= Beginning of Section =

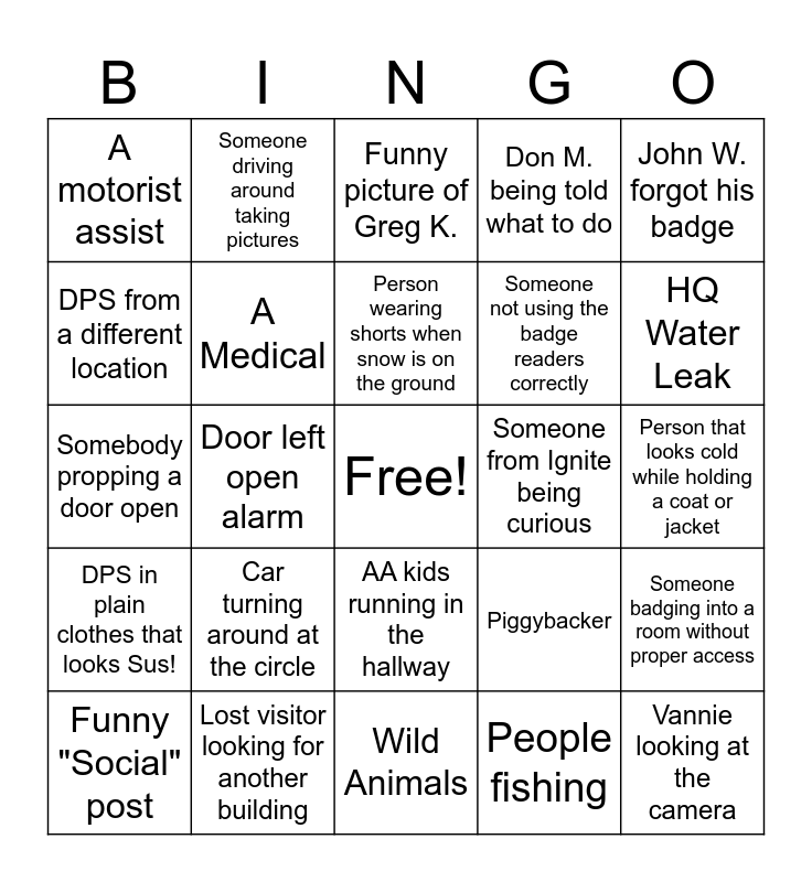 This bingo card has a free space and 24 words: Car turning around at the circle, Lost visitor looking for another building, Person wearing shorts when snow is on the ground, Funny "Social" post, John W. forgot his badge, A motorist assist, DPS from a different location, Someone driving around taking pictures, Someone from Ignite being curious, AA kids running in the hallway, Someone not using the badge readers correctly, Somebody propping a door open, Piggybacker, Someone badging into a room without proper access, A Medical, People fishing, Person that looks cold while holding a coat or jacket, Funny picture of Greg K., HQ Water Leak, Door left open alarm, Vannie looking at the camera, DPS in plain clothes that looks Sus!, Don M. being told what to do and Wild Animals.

= End of Section =
= Beginning of Section =

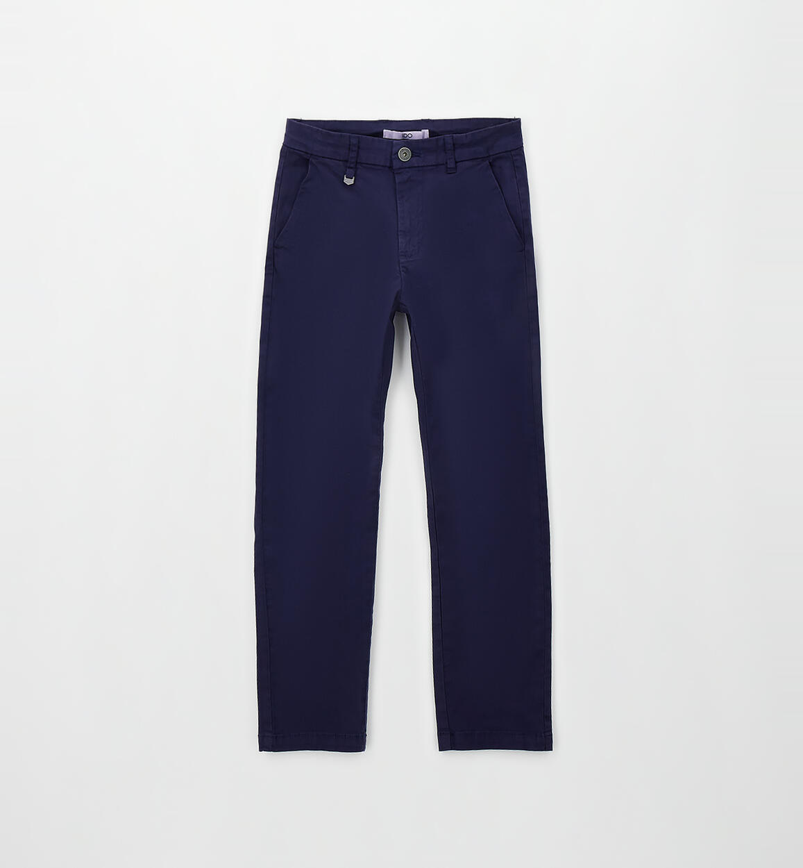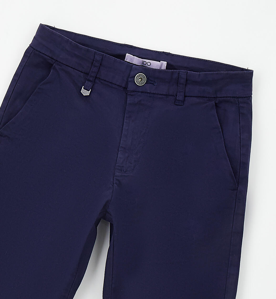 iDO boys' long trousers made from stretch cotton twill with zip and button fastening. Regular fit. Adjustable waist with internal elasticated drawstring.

= End of Section =
= Beginning of Section =

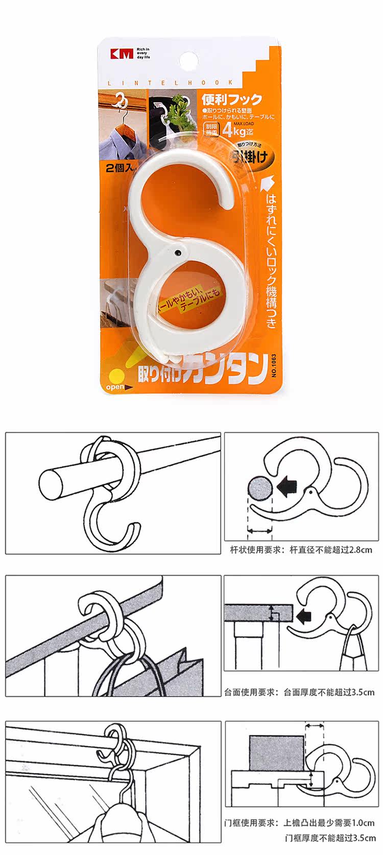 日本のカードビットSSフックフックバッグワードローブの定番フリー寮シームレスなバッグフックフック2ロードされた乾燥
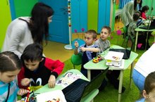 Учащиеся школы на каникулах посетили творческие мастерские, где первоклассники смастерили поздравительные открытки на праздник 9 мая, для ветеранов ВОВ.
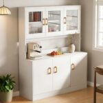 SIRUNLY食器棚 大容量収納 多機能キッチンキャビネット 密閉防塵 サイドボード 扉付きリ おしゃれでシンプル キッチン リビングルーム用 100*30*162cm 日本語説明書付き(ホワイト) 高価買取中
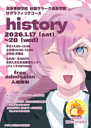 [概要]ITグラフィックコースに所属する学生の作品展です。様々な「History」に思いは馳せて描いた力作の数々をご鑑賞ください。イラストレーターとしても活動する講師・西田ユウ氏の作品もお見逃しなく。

= End of Section =

Task objective - Give again the stretch of the entries above that begins at the line with "SIRUNLY食器棚 大容量収納 多機能キッチンキャビネット" and ends at the line with "[概要]ITグラフィックコー", word for word, with no pictures.

Reply to the exercise -
 SIRUNLY食器棚 大容量収納 多機能キッチンキャビネット 密閉防塵 サイドボード 扉付きリ おしゃれでシンプル キッチン リビングルーム用 100*30*162cm 日本語説明書付き(ホワイト) 高価買取中
 [概要]ITグラフィックコースに所属する学生の作品展です。様々な「History」に思いは馳せて描いた力作の数々をご鑑賞ください。イラストレーターとしても活動する講師・西田ユウ氏の作品もお見逃しなく。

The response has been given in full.